Monitoring stack 2.6.1
August 3, 2023 | Download
- The v2.6.1 Grafana dashboards are not backwards compatible with servers older than 6.0.0.0.
- Aerospike Monitoring Stack version 2.6.1 adds bug fixes.
- Aerospike Prometheus exporter 1.12.0 or greater must be used to get the Aerospike 6.3 metrics.
- Deprecated
- Existing Alerts dashboard is deprecated and will be removed in future releases.
- Existing Jobs dashboard is deprecated and will be removed in future releases.
Bug Fixes
- Issues in Multi-cluster view dashboard [OM-100]
- Corrected label and unit in XDR panel.
- Corrected links from XDR and Latencies to respective dashboards (instead of cluster-view).
- Added a alert-severity based filter.
- Issues in Alerts view
- Panel colors are corrected according to the severity types.
- Issues in Unique Data view
- Unique data bytes are not shown correctly when custom labels are enabled in configuration.
- Added historical time-series for unique data-bytes data point.
Monitoring stack 2.6.0
July 12, 2023 | Download
- The v2.6.0 Grafana dashboards are not backwards compatible with servers older than 6.0.0.0.
- This release eliminates instances of hard coded values for variables. As a result, the user needs to ensure that the Aerospike Prometheus data source is selected as a default in order for dashboard data to populate correctly.
- Aerospike Monitoring Stack version 2.6.0 adds the new dashboard and bug fixes.
- Rolling restarts dashboard, various key metrics which should be monitored during specific use cases.
- Alerts View dashboard, adopting more meaningful alert severity levels.

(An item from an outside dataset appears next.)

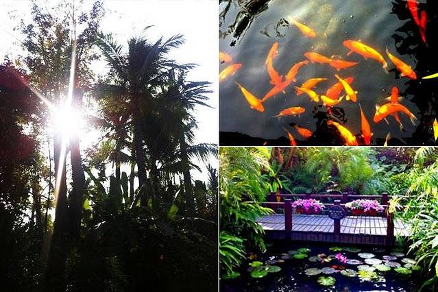 ▲【呀诺达】景区的五星级的卫生间,椰子树的围绕,可观赏的金鱼和荷花,里面的卫生也相当干净。

- Aerospike Prometheus exporter 1.12.0 or greater must be used to get the Aerospike 6.3 metrics.
- Deprecated
- Existing Alerts dashboard is deprecated and will be removed in future releases.
- Existing Jobs dashboard is deprecated and will be removed in future releases.
New Features
- Rolling Restarts dashboard, data is shown in group like stats, error and resources. This dashboard curates various key metrics which should be monitored during specific use cases, like node restart, software upgrade, investigation, etc. Resource utilization is displayed for the TopK major consumers at a service and namespace level. [OM-79]
- Added the new Alerts view dashboard. This visualizes alerts according to the severity as count and each alert. Newly adopted alert levels in decreasing order:
critical
,error
,warn
andinfo
. This dashboard replaces the existing Alerts dashboard. [OM-85] - All Aerospike dashboards and panel visualizations are modified according to the Grafana 9.x version. [OM-82]
- Improved and reorganized Aerospike Monitoring stack examples: [OM-49]
- Reorganized docker compose file in relevant folder.
- Added examples on how to use AeroLab which can spin up Aerospike clusters per Proof of Concept (POC) needs.
Bug Fixes
- Includes bug fixes related to queries and visualizations: [OM-82]
- All queries now include proper regex pattern to honor single or multiple value template variable selection.
- All Time-Series are adjusted to use range vector.
- All dashboard have standardized template variable and same order.
Monitoring stack 2.5.0
June 19, 2023 | Download
- Aerospike Monitoring Stack version 2.5.0 adds the new Multi Cluster view dashboard, Otel integration examples and bug fixes
New Features
- Added the new Multi cluster view dashboard. This visualizes multiple clusters across regions and data centers with a focus on health. This dashboard consists of 4 panels. [OM-45]
- Geomap panel - displays multiple cluster view.
- Cluster panel - displays key metrics like size, alerts, XDR lag, Read & Write latencies.
- Node panel - uses the Polystat plugin and displays nodes in Green or Red indicating the health.
- Namespace panel - displays namespaces in Green or Red indicating the health.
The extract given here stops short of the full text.